Lyft, the second most successful ride-hailing startup behind Uber,  saw its share price dip below $72, the set price for the IPO initiated last Friday. It was valued at $24.3 billion during the offering and on Friday, pushed up to $26.6 billion in valuations.

Today, the stock closed at $69, sending its value drooping to $19.8 billion.

The worry among analysts is that Lyft’s experience as a public company could be a canary in a coal mine that could predict what future tech IPO’s could be in for when they go public.

“Falling below its IPO price is a gut punch for investors and Lyft,” said Dan Ives, managing director at Wedbush Securities in a statement given to business TV network CNBC. “This is a pivotal few weeks of trading ahead to gauge Street demand for the name as valuation and profitability continue to be wild cards for tech investors.”

Weighing down on Lyft’s performance is its lackluster history with earnings. The company has not yet scored a profit, as its regulatory fillings show it lost $900 last year.
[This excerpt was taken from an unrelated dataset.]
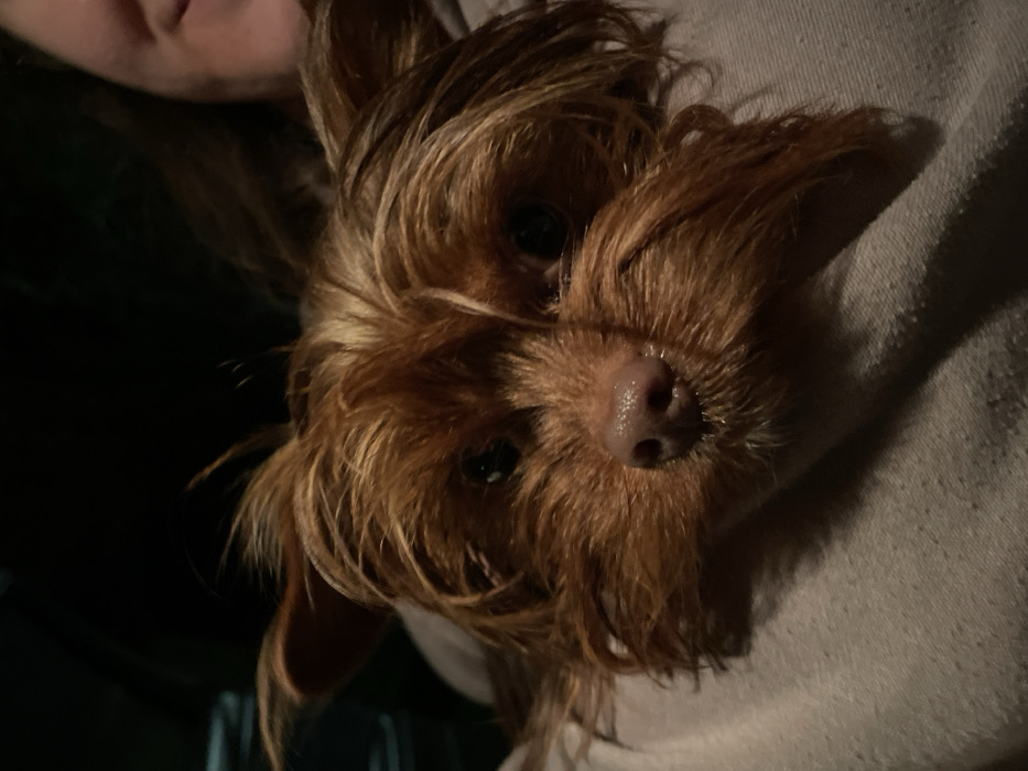 - "The image depicts a close-up of a small domestic canine, possibly a Yorkshire Terrier, with reddish-brown and tan fur, dark eyes, and a pinkish-brown wet nose" by FM-03WT23, licensed under CC BY 4.0

Among tech companies looking to go public this year are Uber, Pinterest and Slack. Investors are already being put on notice that Wall Street may be keeping a less upbeat outlook on future unicorns with IPO dreams.

“Right now, there is a lot of exuberance and excitement,” said Chequers Financial Management chief investment strategist Nicole Tanenbaum in a statement to the Washington Post. “But at the end of the day, you’re betting on the long-term profitability of these companies. The path to that profitability is still unclear. A lot of assumptions are being made.”